Task brief: Write out, word for word and with no pictures, each line below from the one containing "分享会伊始,董耀会介绍了19" through the one containing "ณ วัดอรุณสหราชอาณาจักร เมืองนอริช", both included, and no other line.
── Supplied material
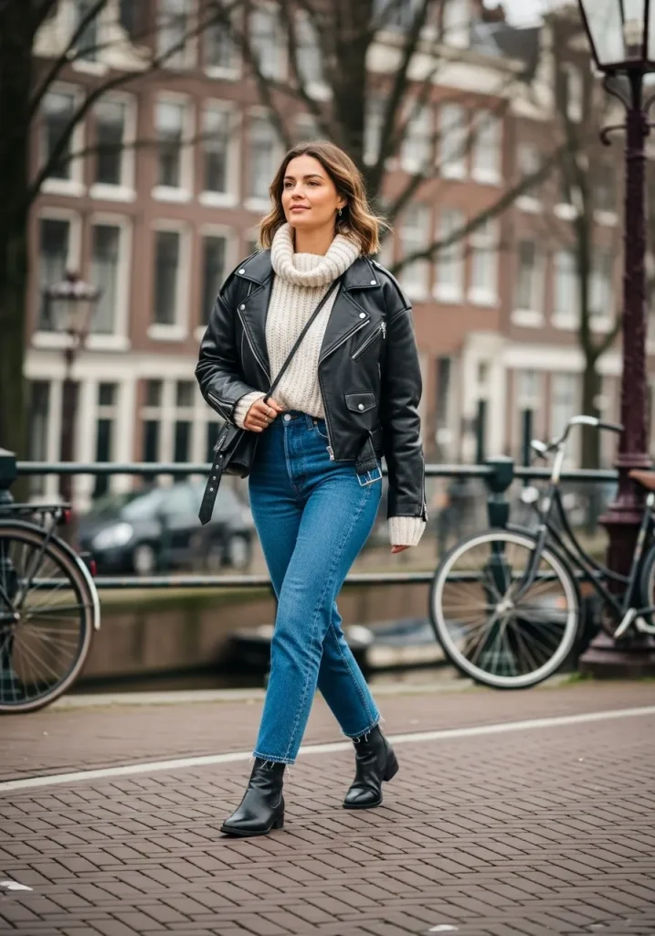 A cropped leather jacket layered over a chunky knit sweater creates a bold yet cozy Amsterdam outfit with modern city style. This look captures that slightly edgy European fashion vibe while staying practical for long days of exploring. It’s an excellent option for outfits for Amsterdam in March, when mornings are cool but afternoons feel mild. The layered textures also add depth, making it perfect for outfit ideas Amsterdam travelers love.
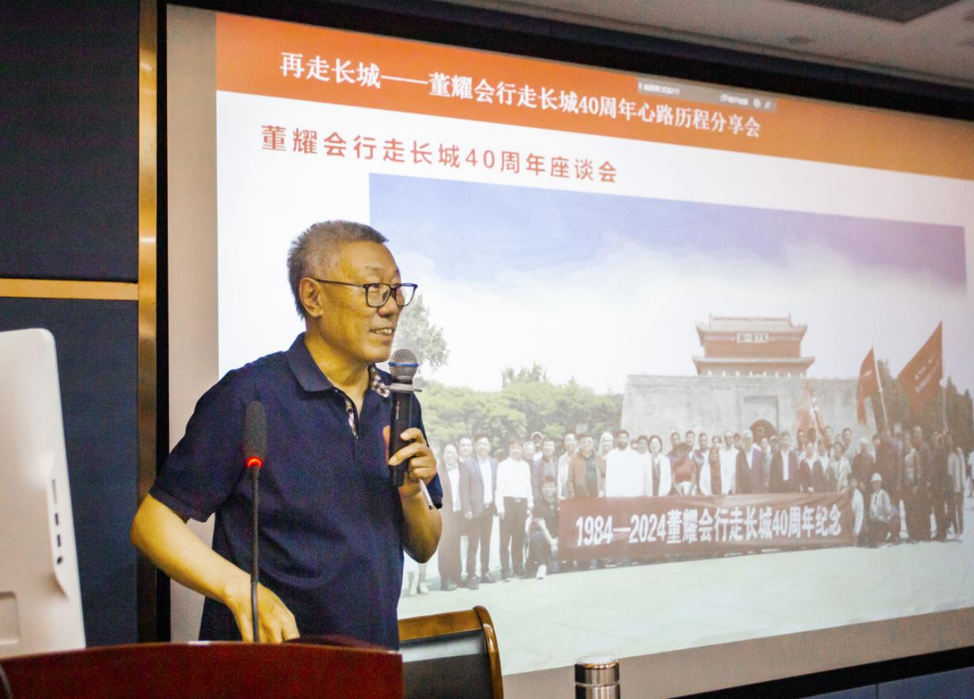 分享会伊始,董耀会介绍了1984年他同伙伴从山海关出发徒步考察明长城的经历,讲述了其40年如一日为长城保护与研究事业奔走的初心。接下来,董耀会通过数十张他在今年6月—8月历时66天对明长城全线重要点段再次进行系统考察的现场照片和40年前考察长城的老照片,为师生们讲述了40年间长城沿线的变迁和众多为长城保护和研究事业作出贡献的长城人的故事。最后,董耀会呼吁现场的师生能加入到长城保护的行列中来,共同弘扬传承长城精神,守护好我们中华民族灿烂的文化瑰宝。
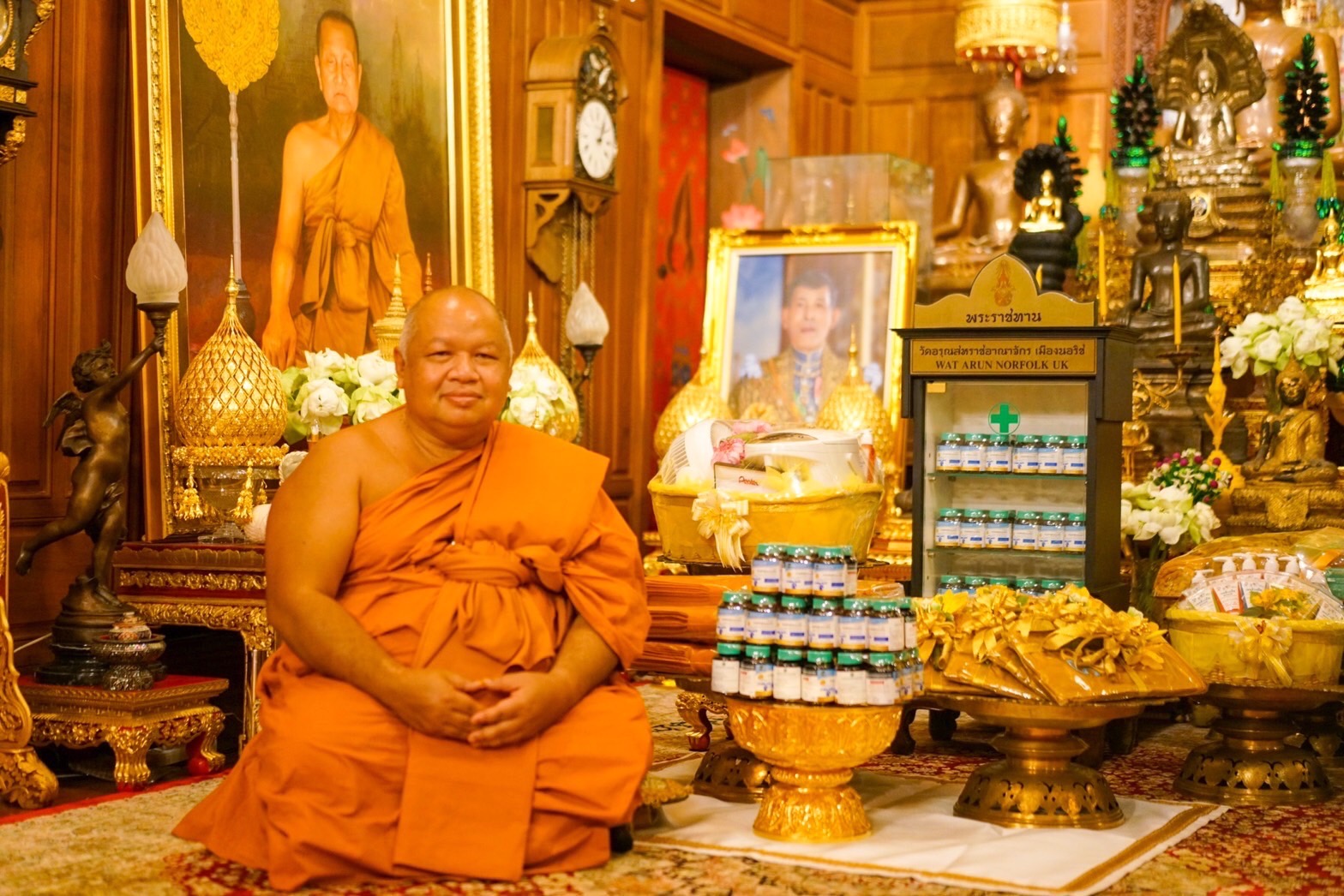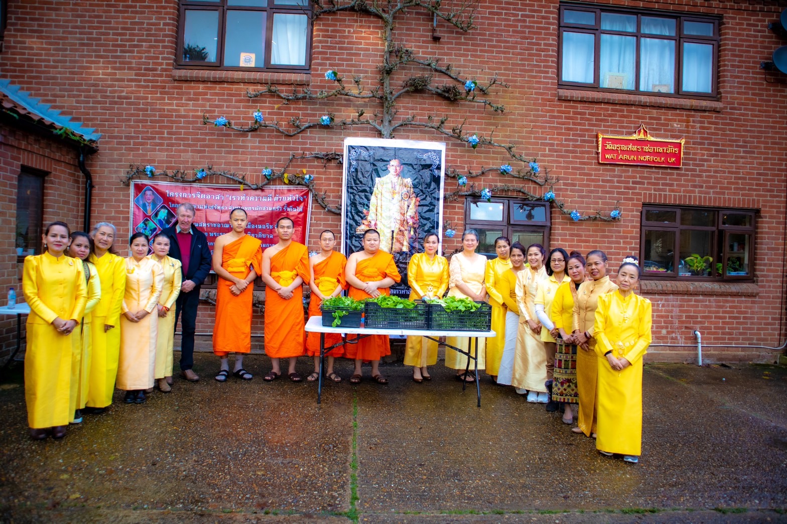 พระราชมหาเจติยาภิบาล ผู้ช่วยเจ้าอาวาสวัดอรุณราชวราราม ประธานสมาคมวัดอรุณสหราชอาณาจักร เมืองนอริช เปิดเผยว่า พระบาทสมเด็จพระเจ้าอยู่หัว ทรงมีพระราชศรัทธาทรงพระกรุณาโปรดเกล้าฯ ให้ พลอากาศตรีสุพิชัย สุนทรบุระ รองเลขาธิการพระราชวัง เป็นผู้เเทนพระองค์ เชิญ ผ้าไตร ย่าม เครื่องสังฆทาน ตู้ยาพระราชทาน ร่มอุ่นไอรัก เพื่อนำถวายแด่คณะพระธรรมทูตผู้ปฎิบัติศาสนกิจ ณ วัดอรุณสหราชอาณาจักร เมืองนอริช
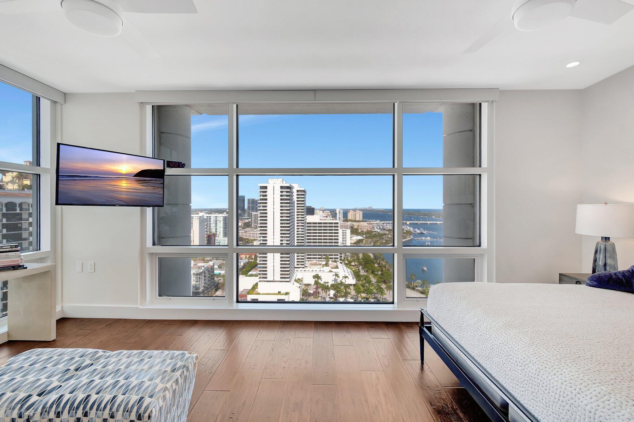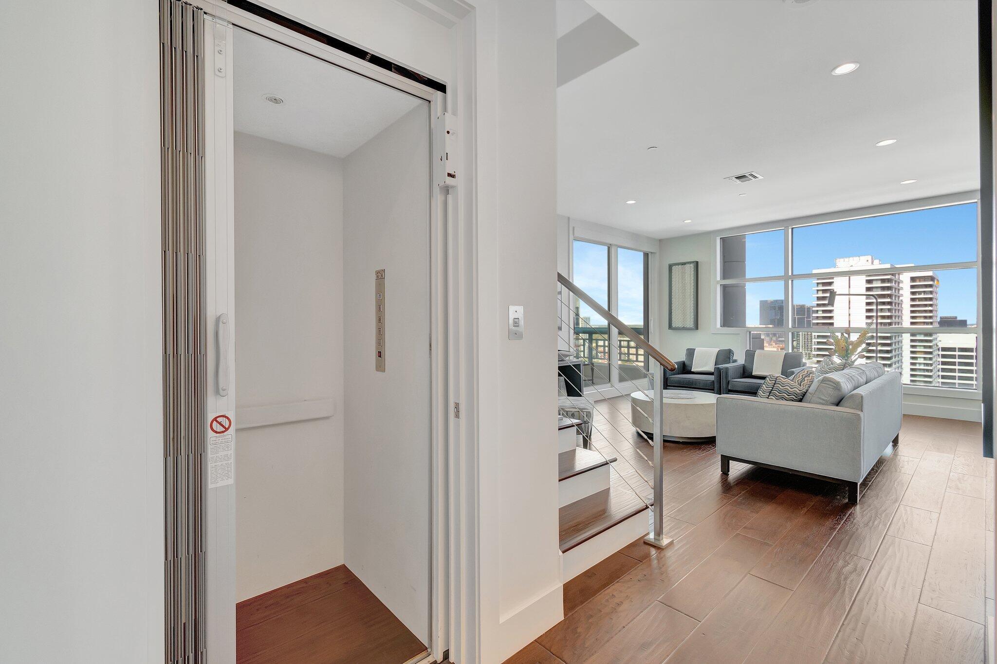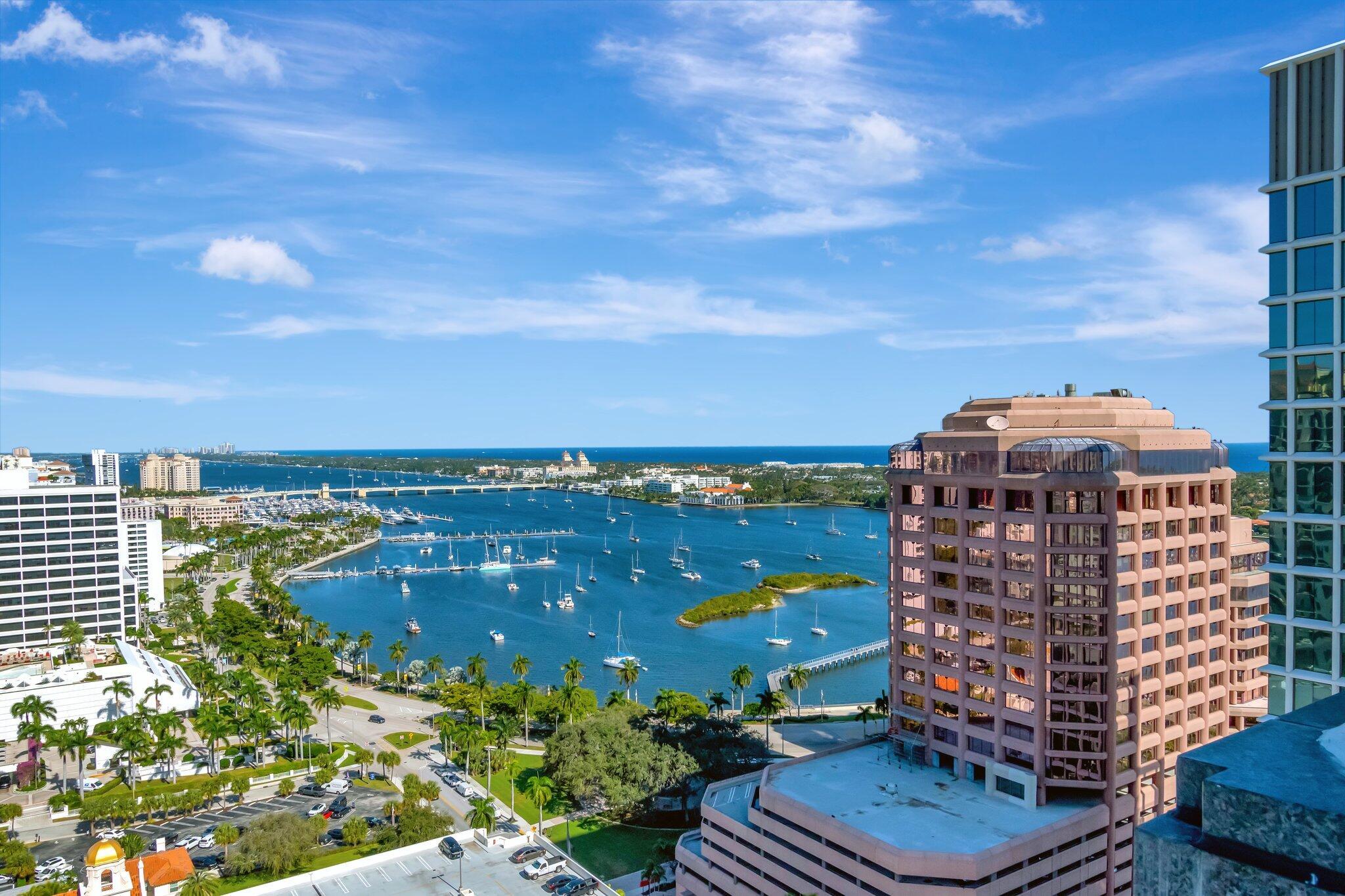 Stunning three-level Penthouse in the Sky combines sleek design, privacy, and panoramic views of the Intracoastal, ocean, and downtown West Palm Beach skyline. An INTERNAL PRIVATE ELEVATOR connects all three floors of the apartment. The top-level primary suite , boasting breathtaking water views . A light-filled retreat with two spacious walk-in closets, a cozy sitting area, and a spa-like bath featuring dual vanities, a soaking tub, and a glass-enclosed shower overlooking the water. The first level offers the perfect setup for guests with a private foyer, sitting area, and two ensuite bedrooms. The main living area features a chef inspired kitchen open to living room and spacious balcony overlooking downtown. This three bedroom residence is located in the exclusive Esperante building,a hidden gem in the middle of all the new development coming to West Palm Beach . Esperante residents enjoy 24-hour security, a fitness center, and a private two - car garage . The building has completed its milestone inspection and restoration, offering peace of mind and timeless appeal. Perfectly positioned in the heart of downtown West Palm Beach ''The New Wall Street " The Esperante is easily assessable to I95 and bridges to Palm Beach Island . Walkable to world-class dining, shopping, and the waterfront this truly is the perfect downtown West Palm Beach location !
────
Result of the exercise:
 分享会伊始,董耀会介绍了1984年他同伙伴从山海关出发徒步考察明长城的经历,讲述了其40年如一日为长城保护与研究事业奔走的初心。接下来,董耀会通过数十张他在今年6月—8月历时66天对明长城全线重要点段再次进行系统考察的现场照片和40年前考察长城的老照片,为师生们讲述了40年间长城沿线的变迁和众多为长城保护和研究事业作出贡献的长城人的故事。最后,董耀会呼吁现场的师生能加入到长城保护的行列中来,共同弘扬传承长城精神,守护好我们中华民族灿烂的文化瑰宝。
 พระราชมหาเจติยาภิบาล ผู้ช่วยเจ้าอาวาสวัดอรุณราชวราราม ประธานสมาคมวัดอรุณสหราชอาณาจักร เมืองนอริช เปิดเผยว่า พระบาทสมเด็จพระเจ้าอยู่หัว ทรงมีพระราชศรัทธาทรงพระกรุณาโปรดเกล้าฯ ให้ พลอากาศตรีสุพิชัย สุนทรบุระ รองเลขาธิการพระราชวัง เป็นผู้เเทนพระองค์ เชิญ ผ้าไตร ย่าม เครื่องสังฆทาน ตู้ยาพระราชทาน ร่มอุ่นไอรัก เพื่อนำถวายแด่คณะพระธรรมทูตผู้ปฎิบัติศาสนกิจ ณ วัดอรุณสหราชอาณาจักร เมืองนอริช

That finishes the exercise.